|Gerwazy, the Warden of the Castle|
Pan Tadeusz is set in a village called Soplicowo in what was Polish Lithuania in 1811 and 1812. Soplicowo simmers under Russian rule, the Polish gentry--which basically means everyone not a peasant or a Jew--longing to throw off the shackles of the Tsar, restore the Polish-Lithuanian commonwealth and kill a lot of Russians in the process. They are hopeful that this will soon happen, for Napoleon Bonaparte has gathered whole regiments of Poles under his banner and if anyone can defeat the Tsar, it will be Napoleon.
Meanwhile, the gentry quarrel endlessly among each other, go hunting, carry out lawsuits, have raucous dinner parties, court women, get married and have babies. Whenever a gentleman is overwhelmed by dreams of freedom from Russian rule, or gets into trouble with the local Russian authorities, he rides off to the Duchy of Warsaw to volunteer for Napoleon.
What is always very amusing for the native English-speaker reading Polish historical works is the contrast between the Polish gentleman of the early 1800s, in his almost Turkish costume, and the English gentleman of the same era, in his proto-tuxedo. The literary Polish gentleman grows giant
moustaches, threatens, brags, yells, sings at the table, starts brawls, weeps with love for father, sweetheart or fatherland--even when there are ladies present. The English gentleman does not.

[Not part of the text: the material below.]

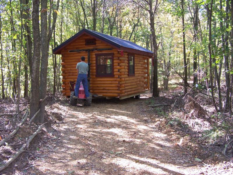 We temporarily mount two wheels to one end of the cabin & lift from the opposite end with the Mule, lift & move to your prepared level pad.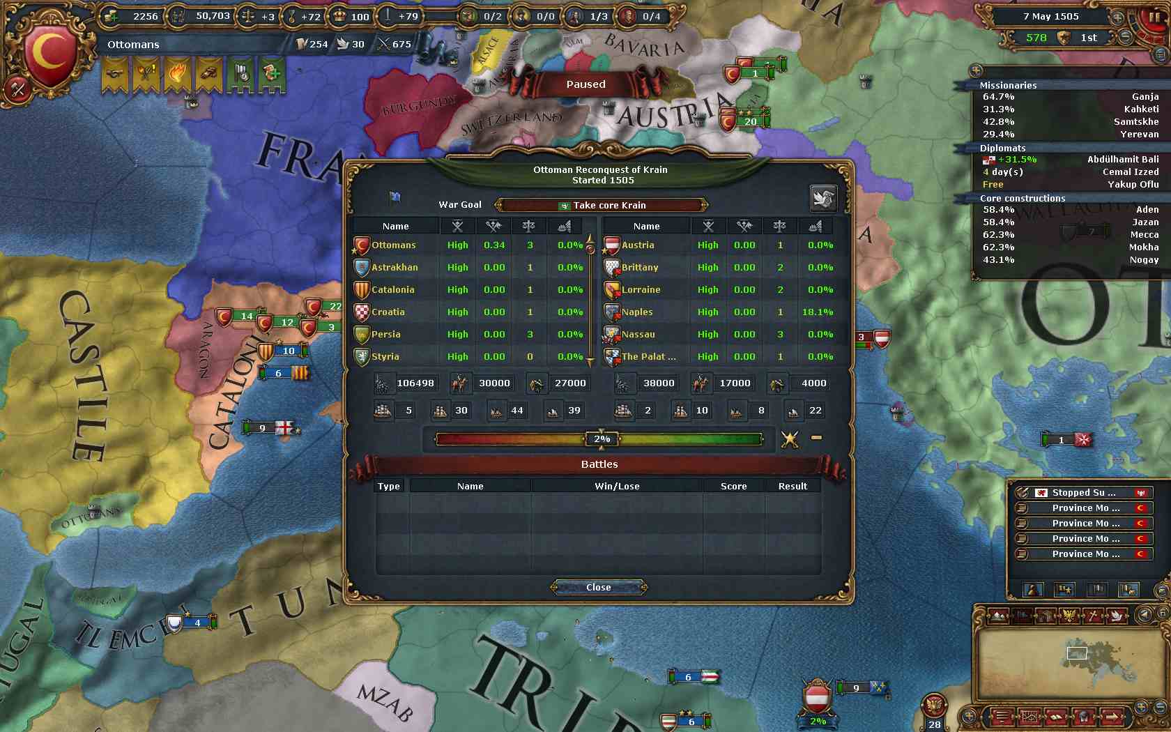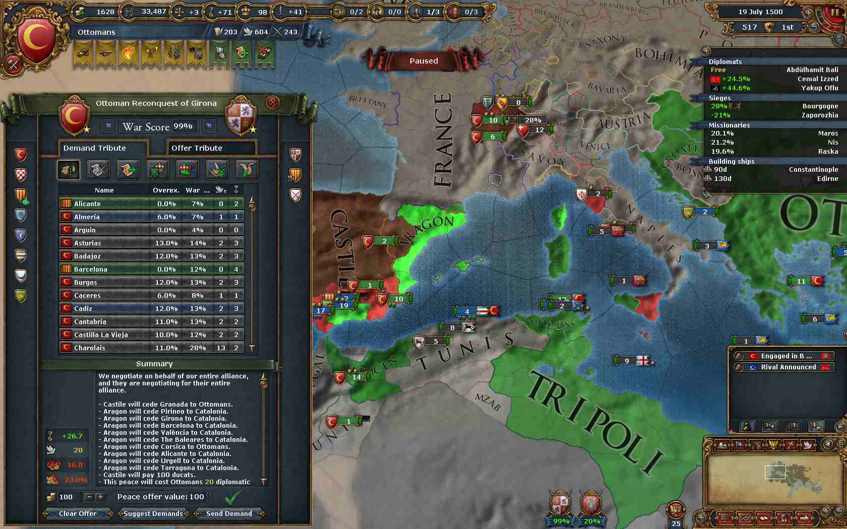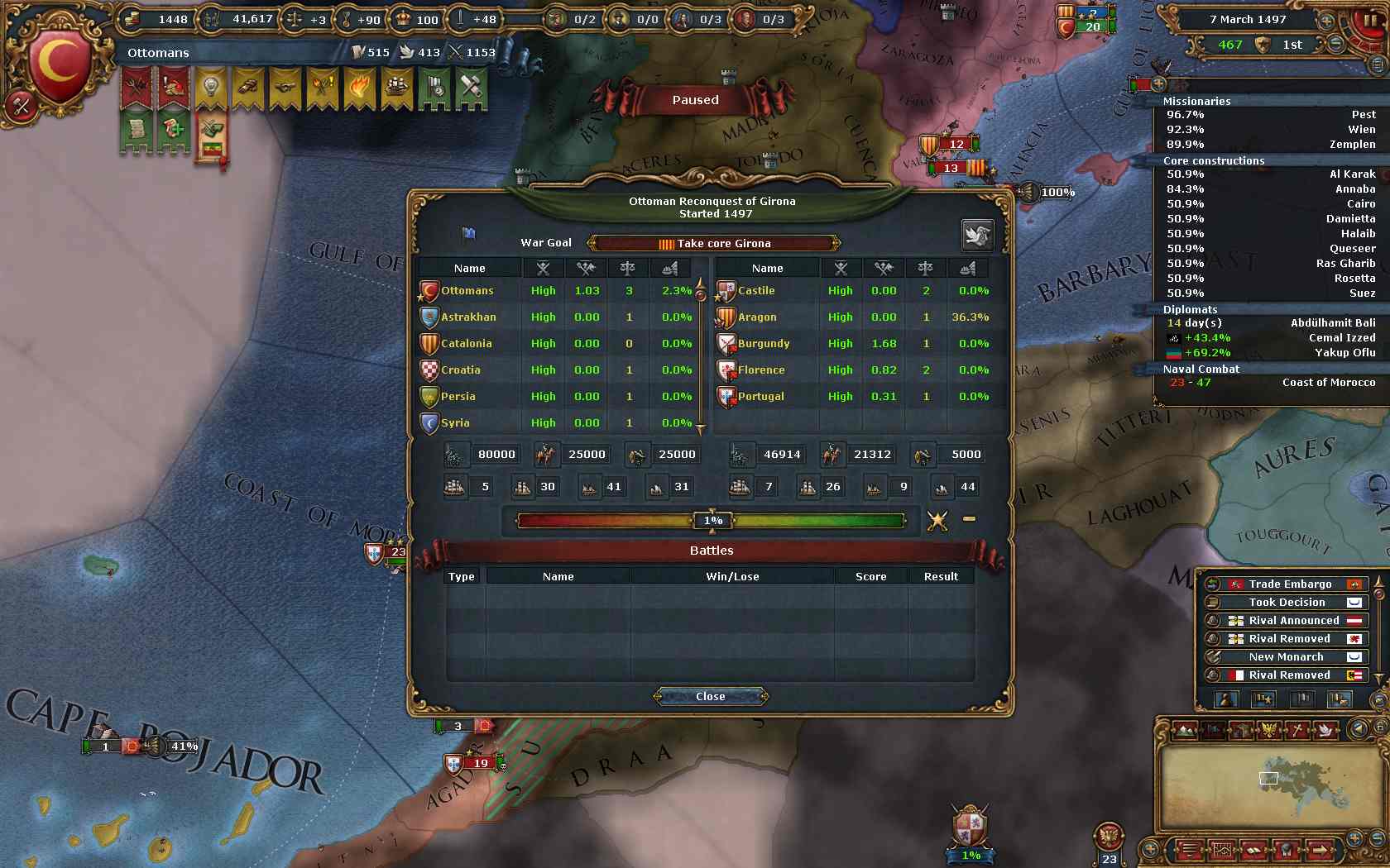 先にPortugalと個別和平。Tlemcenのコア州を回収。

|Ah, another brawl at supper. How droll.|
One struggles to imagine Mr Darcy sitting at the table in the castle of Soplicowo when a riot breaks out around him. What would he do? Deftly step out a window and admire the stars to the sound of glass smashing or with great presence of mind elect to sit under the table? Or would some tightly-bound spirit in his breast burst its buttons, seize a club and explode into the fray? After all, Mr Darcy would be on holiday. When in Polish Lithuania, do as the Lithuanian Polish gentlemen do. ("Sprinkle, sprinkle.")
The English prose translation, which preserves Mickiewicz's literal meaning, if neither his meter nor his rhymes, reveals a number of unforgettable characters, including Gerwazy, the insanely loyal Warden of the Castle (whose rightful ownership is being contested between young Count Horeszko, cousin of its murdered owner, and the Soplica family), the mysterious and brilliant Bernardine monk Father Robak, young Tadeusz Soplica, who represents Polish Youth (and how), the very young Zofia Horeszko, who represents the ideal 19th century sweetheart and therefore is tragically lacking in colour, and her thirty-something aunt Telimena, who is a delightful female scoundrel, given to flirting with younger men at dinner parties. As Zofia's primary activities are taking care of chickens and looking pretty (she's only fourteen), the women of Pan Tadeusz would very boring and pathetic without Aunt Telimena. It is true that she wears rouge, but who are we to judge?
The reason to read an English prose translation (e.g. the 1917 edition by George Rapall Noyes here) is to get as close to the mind and talent of Mickiewicz as possible and, while admiring the wonderful metaphors, descriptions, adventures and jokes, to marvel that the author did all this in verse. To appreciate the verse, you have to either know or learn Polish---although of course you can see if you like the efforts of English translator-poets.
Here is an actor reciting the "Inwokacja" (Invocation), which is the very epic-like beginning to Pan Tadeusz: the author addresses first his homeland of Polish Lithuania and then the Blessed Mother of God.
The famous Polish director Andrzej Wajda made a film version of Pan Tadeusz, to which subtitles have been added for the anglophone market. The fighting scenes must be amazing, but no doubt poor Auntie Telimena has been sexed up for late 20th century sensibilities.
All Poles in Poland have to read this book in school, so if you want some insight into the Polish psyche (at very least all Polish psyches born between 1800 and 1989), I suggest you read it.